***** Records shown

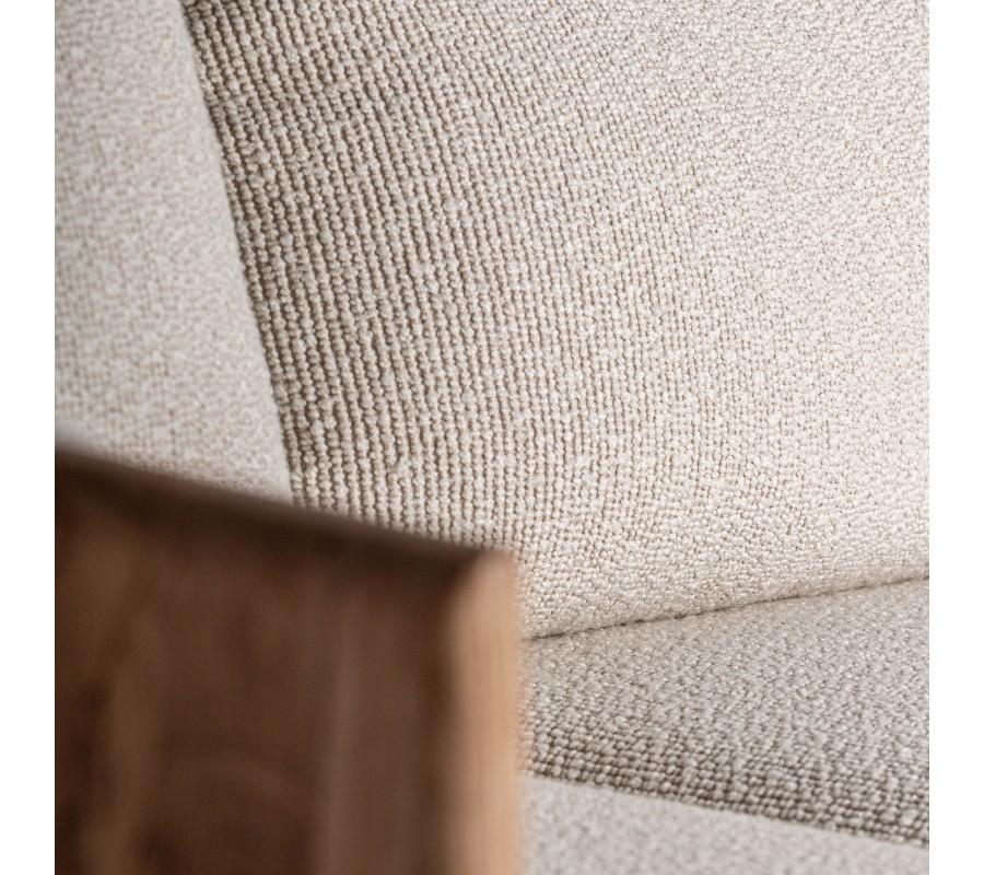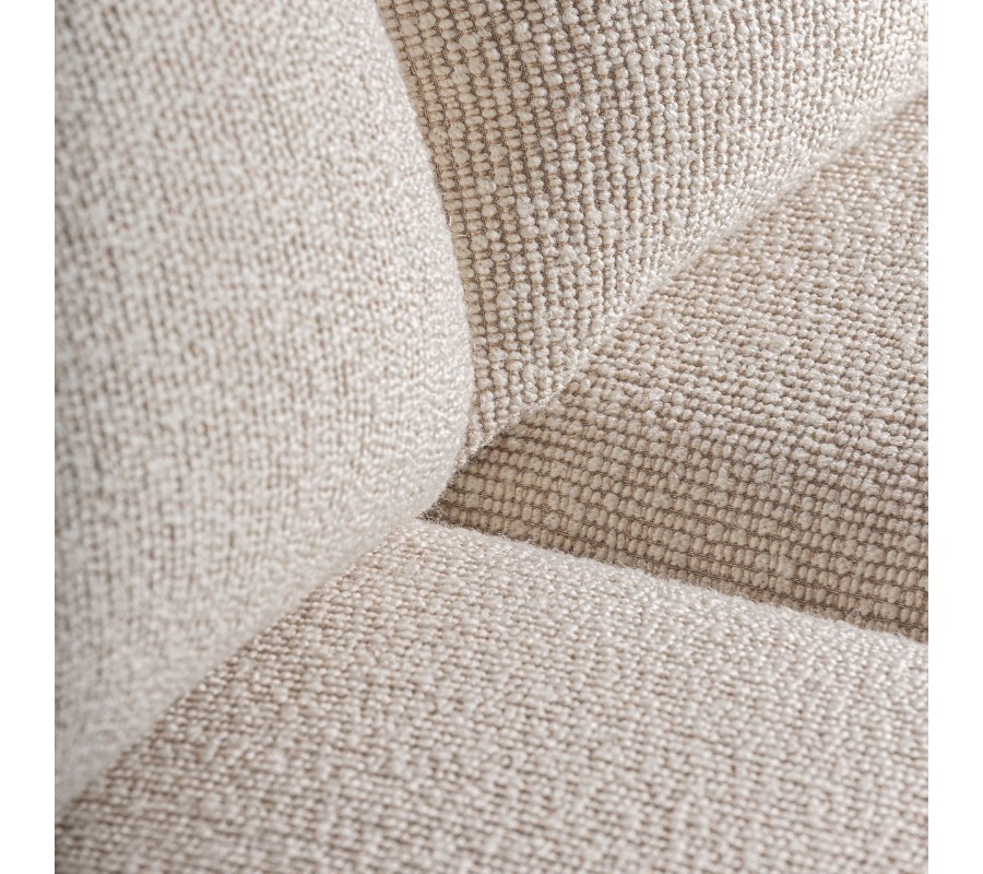 Konštrukcia oblého tvaru, typického pre retro dizajn, je potiahnutá béžovou textíliou. Sedacia dvojmiestna časť disponuje dvomi priestrannými vankúšmi čalúnenými béžovou textúrovanou látkou, ktorá svojou jemnou štruktúrou a neutrálnym odtieňom dodáva sedačke útulný vzhľad. Opieracia časť disponuje dvomi širokými vankúšmi, ktoré poskytujú oporu chrbta a zároveň ladia s celkovým dizajnom.
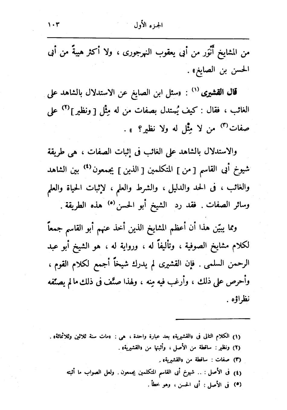 وَمِمَّا يبين هَذَا أَن أعظم الْمَشَايِخ الَّذين أَخذ عَنْهُم أَبُو الْقَاسِم جمعا لكَلَام مَشَايِخ الصُّوفِيَّة وتأليفا لَهُ وَرِوَايَة لَهُ هُوَ الشَّيْخ أَبُو عبد الرَّحْمَن السلمى فَإِن القشيرى لم يدْرك شَيخا أجمع لكَلَام الْقَوْم وأحرص على ذَلِك وأرغب فِيهِ مِنْهُ وَلِهَذَا صنف فِي ذَلِك مَا لم يصنفه نظراؤه
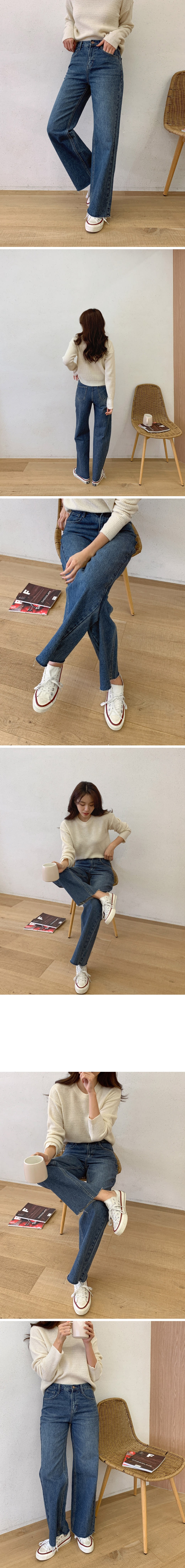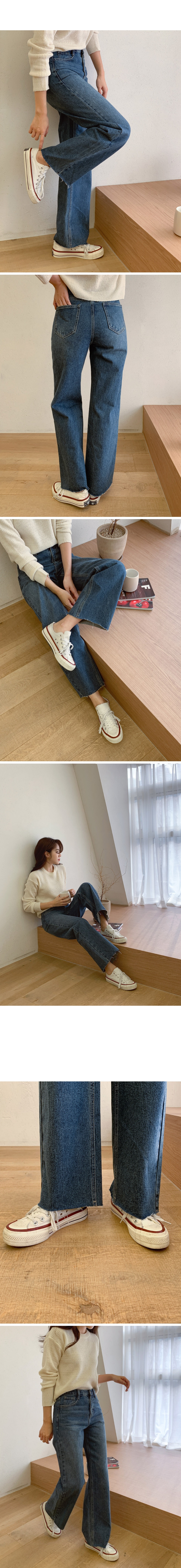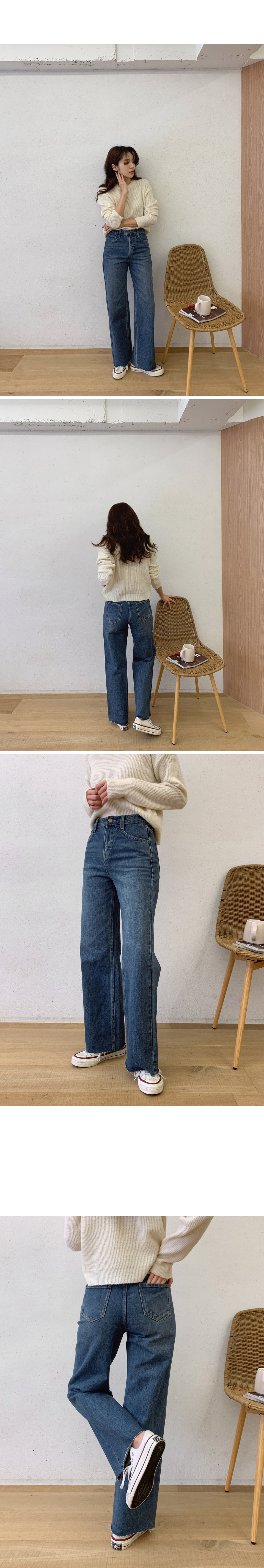 워싱 컷팅 와이드팬츠 빈티지 데님 일자 청바지
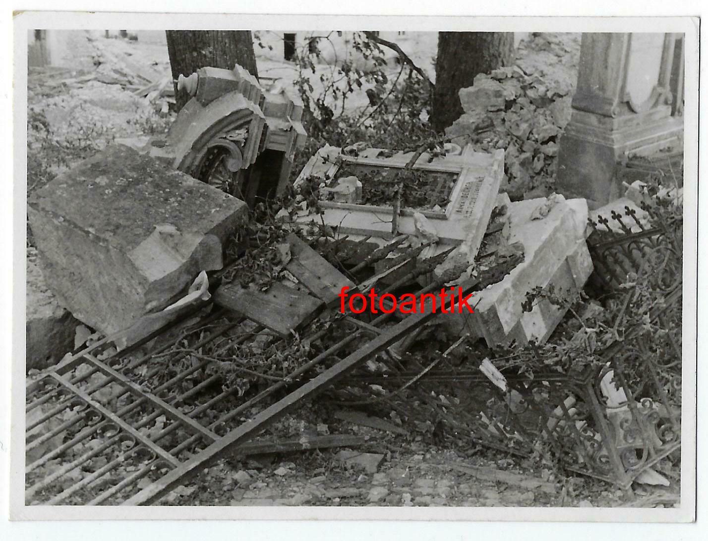 Foto 2 WK Frankreich Ort Vincelles zerstörter Friedhof und Grabsteine nach KAMPF
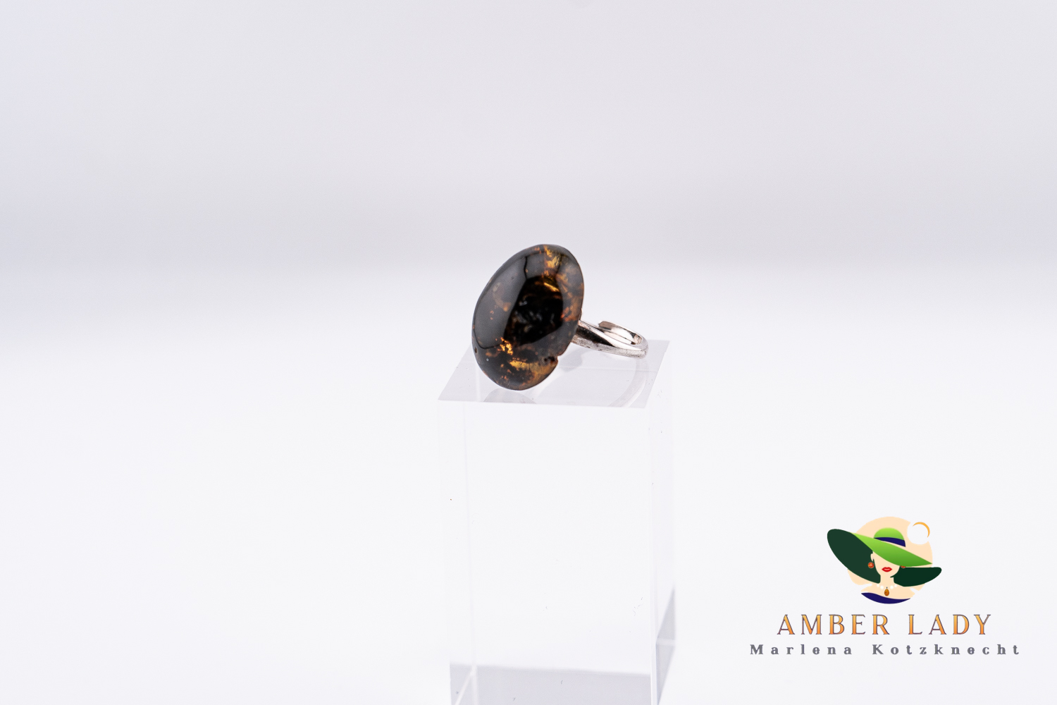 For centuries, Baltic amber has been admired not only for its beauty but also for its symbolic meanings. It is believed to carry positive energy, harmony, and strength, making it a gemstone full of charm and history. The combination of dark cognac tones with a natural plant inclusion makes this ring stand out as a unique accessory, perfect for women who value originality and the natural character of handcrafted jewelry.
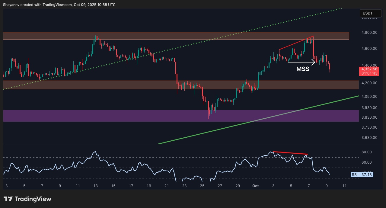 Ethereum’s bullish structure has started to show early signs of exhaustion as the price retraces from the $4,400 resistance zone. Despite maintaining a strong mid-term uptrend, short-term momentum has weakened after a local bearish divergence and a recent market structure shift.
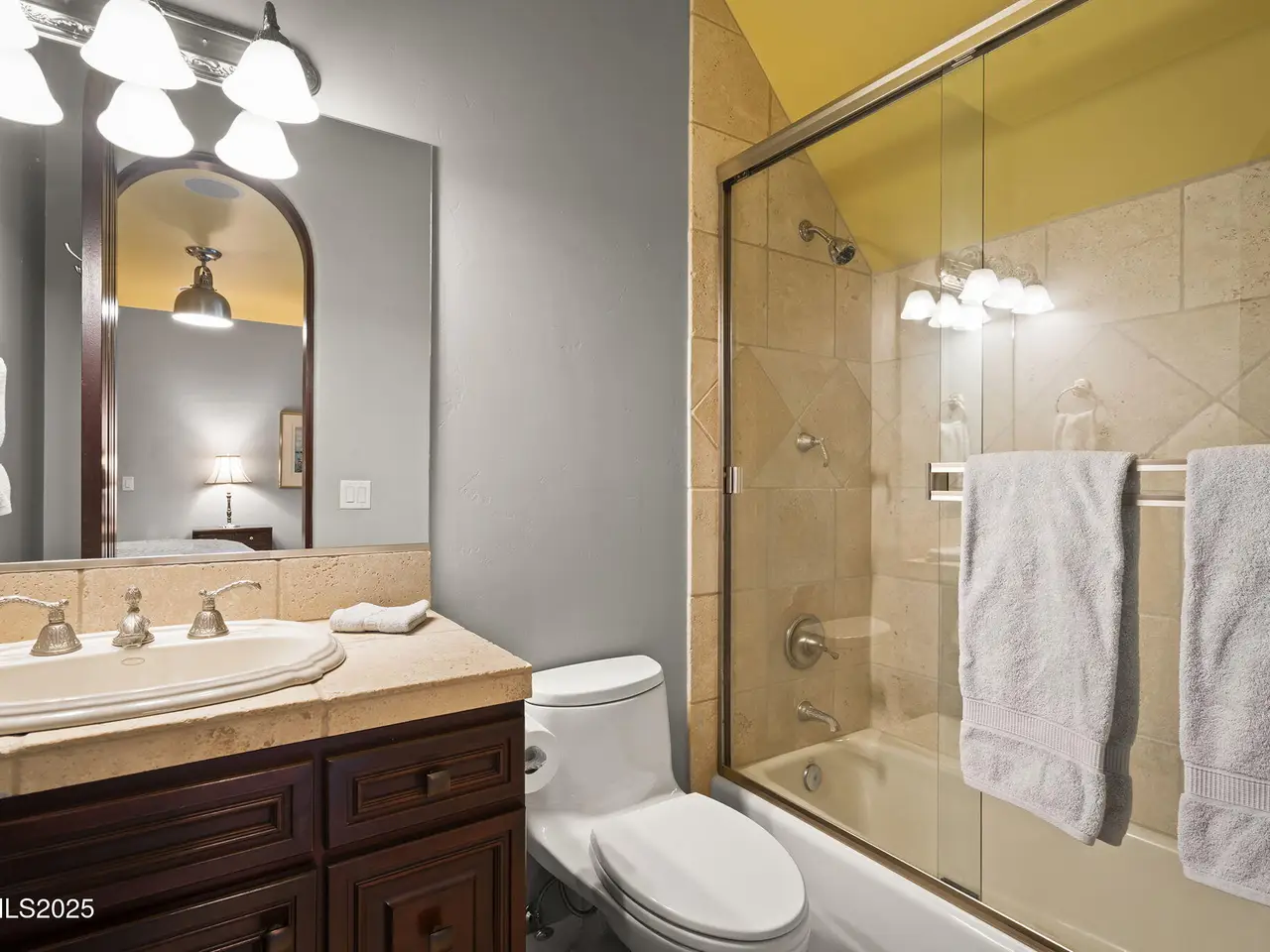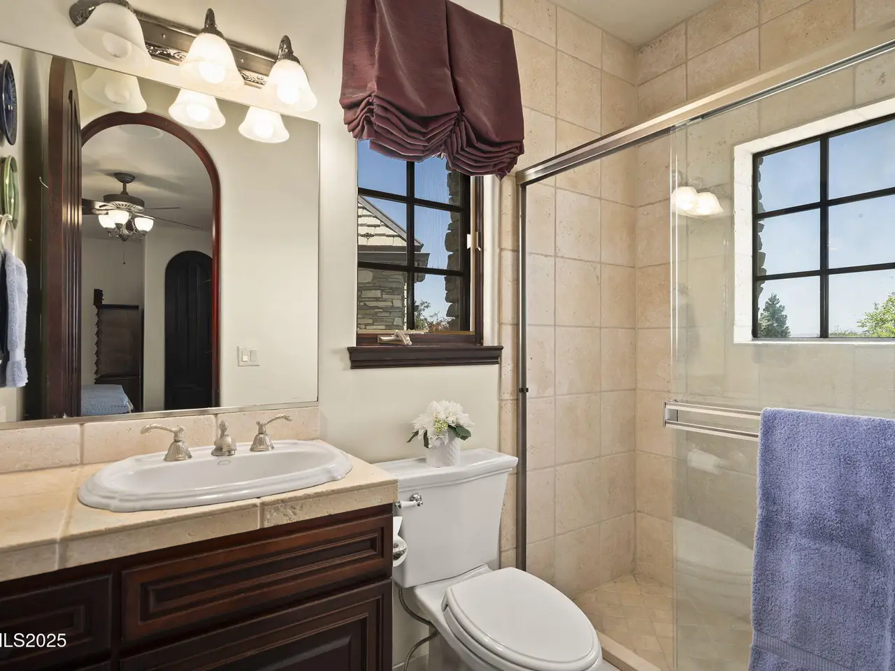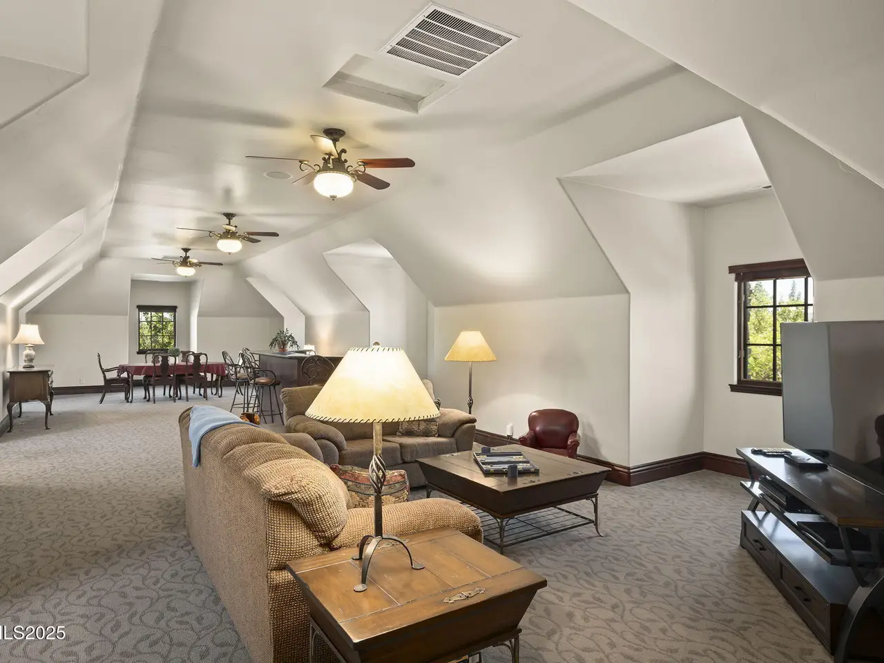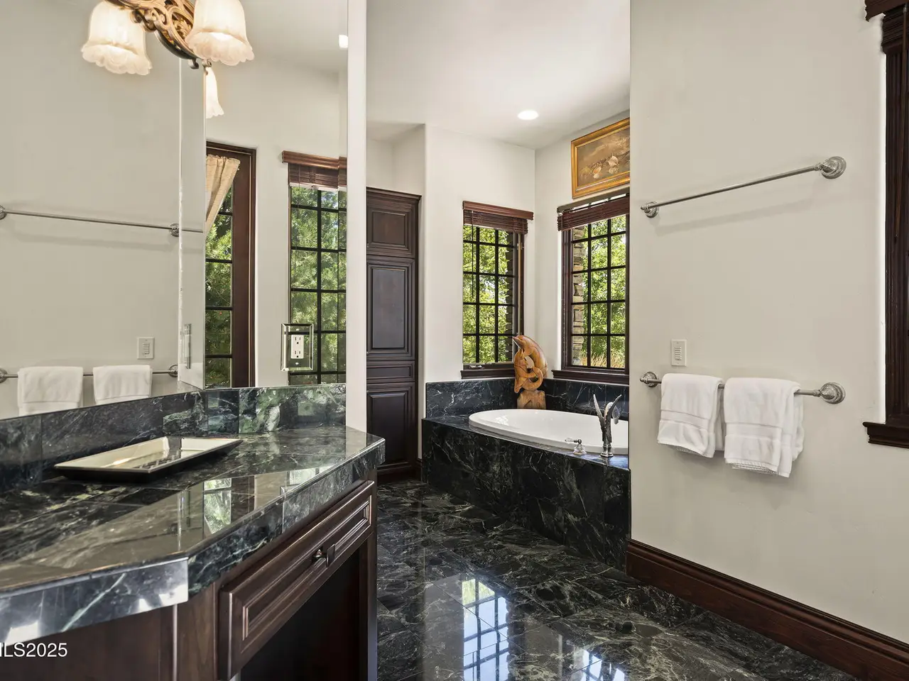 Rare and stunning property on 2.47 acres in coveted SW Suburban Reno Lakeside/Holcomb area. Down a long driveway and through the private gated entry, you will immediately be impressed by the mature landscaping and stunning exterior of this exquisite country manor with full hand-laid stone exterior. Wonderful curb appeal with beautiful entry, circular drive with water feature, and carriage breezeway between two 2-car garages. Additionally, there is a detached fully insulated and heated garage/car barn with soaring 18' ceilings, 3 doors including RV door. Steamboat ditch irrigation rights, domestic well plus AG water rights. The comfortable yet elegant floorplan features 4 ensuite bedrooms and 3 separate half baths. Large office with beautiful built-ins and the primary suite located on the main level feature a fireplace, luxurious bath, and huge walk in closet. The magnificent gourmet kitchen is open to the family room featuring 20 foot ceilings and extraordinary floor to ceiling stone fireplace and hearth. The grand formal dining room and separate living room with wall of windows overlook the grounds. Upstairs has 3 large bedrooms with private baths, a 1/2 bath, and beautiful landing open to the family room below and leading to expansive game room with walk-in wet bar, plenty of room for seating, dining, or extra office space! Other features include 8' solid Mahogany doors, water processing system, Control 4 lighting and Mesh Network Wi-Fi system. New insulated steel garage doors on attached garages, Generac whole house generator, extensive lighting and much more! Please see features list for more. Very close to all amenities .and airport yet very secluded country lifestyle Must see this extremely special home, location, and property!

**********

## [Problem to work on]
Write every entry again exactly as given, skipping the pictures.

## [Solved exercise]
 Konštrukcia oblého tvaru, typického pre retro dizajn, je potiahnutá béžovou textíliou. Sedacia dvojmiestna časť disponuje dvomi priestrannými vankúšmi čalúnenými béžovou textúrovanou látkou, ktorá svojou jemnou štruktúrou a neutrálnym odtieňom dodáva sedačke útulný vzhľad. Opieracia časť disponuje dvomi širokými vankúšmi, ktoré poskytujú oporu chrbta a zároveň ladia s celkovým dizajnom.
 وَمِمَّا يبين هَذَا أَن أعظم الْمَشَايِخ الَّذين أَخذ عَنْهُم أَبُو الْقَاسِم جمعا لكَلَام مَشَايِخ الصُّوفِيَّة وتأليفا لَهُ وَرِوَايَة لَهُ هُوَ الشَّيْخ أَبُو عبد الرَّحْمَن السلمى فَإِن القشيرى لم يدْرك شَيخا أجمع لكَلَام الْقَوْم وأحرص على ذَلِك وأرغب فِيهِ مِنْهُ وَلِهَذَا صنف فِي ذَلِك مَا لم يصنفه نظراؤه
 워싱 컷팅 와이드팬츠 빈티지 데님 일자 청바지
 Foto 2 WK Frankreich Ort Vincelles zerstörter Friedhof und Grabsteine nach KAMPF
 For centuries, Baltic amber has been admired not only for its beauty but also for its symbolic meanings. It is believed to carry positive energy, harmony, and strength, making it a gemstone full of charm and history. The combination of dark cognac tones with a natural plant inclusion makes this ring stand out as a unique accessory, perfect for women who value originality and the natural character of handcrafted jewelry.
 Ethereum’s bullish structure has started to show early signs of exhaustion as the price retraces from the $4,400 resistance zone. Despite maintaining a strong mid-term uptrend, short-term momentum has weakened after a local bearish divergence and a recent market structure shift.
 Rare and stunning property on 2.47 acres in coveted SW Suburban Reno Lakeside/Holcomb area. Down a long driveway and through the private gated entry, you will immediately be impressed by the mature landscaping and stunning exterior of this exquisite country manor with full hand-laid stone exterior. Wonderful curb appeal with beautiful entry, circular drive with water feature, and carriage breezeway between two 2-car garages. Additionally, there is a detached fully insulated and heated garage/car barn with soaring 18' ceilings, 3 doors including RV door. Steamboat ditch irrigation rights, domestic well plus AG water rights. The comfortable yet elegant floorplan features 4 ensuite bedrooms and 3 separate half baths. Large office with beautiful built-ins and the primary suite located on the main level feature a fireplace, luxurious bath, and huge walk in closet. The magnificent gourmet kitchen is open to the family room featuring 20 foot ceilings and extraordinary floor to ceiling stone fireplace and hearth. The grand formal dining room and separate living room with wall of windows overlook the grounds. Upstairs has 3 large bedrooms with private baths, a 1/2 bath, and beautiful landing open to the family room below and leading to expansive game room with walk-in wet bar, plenty of room for seating, dining, or extra office space! Other features include 8' solid Mahogany doors, water processing system, Control 4 lighting and Mesh Network Wi-Fi system. New insulated steel garage doors on attached garages, Generac whole house generator, extensive lighting and much more! Please see features list for more. Very close to all amenities .and airport yet very secluded country lifestyle Must see this extremely special home, location, and property!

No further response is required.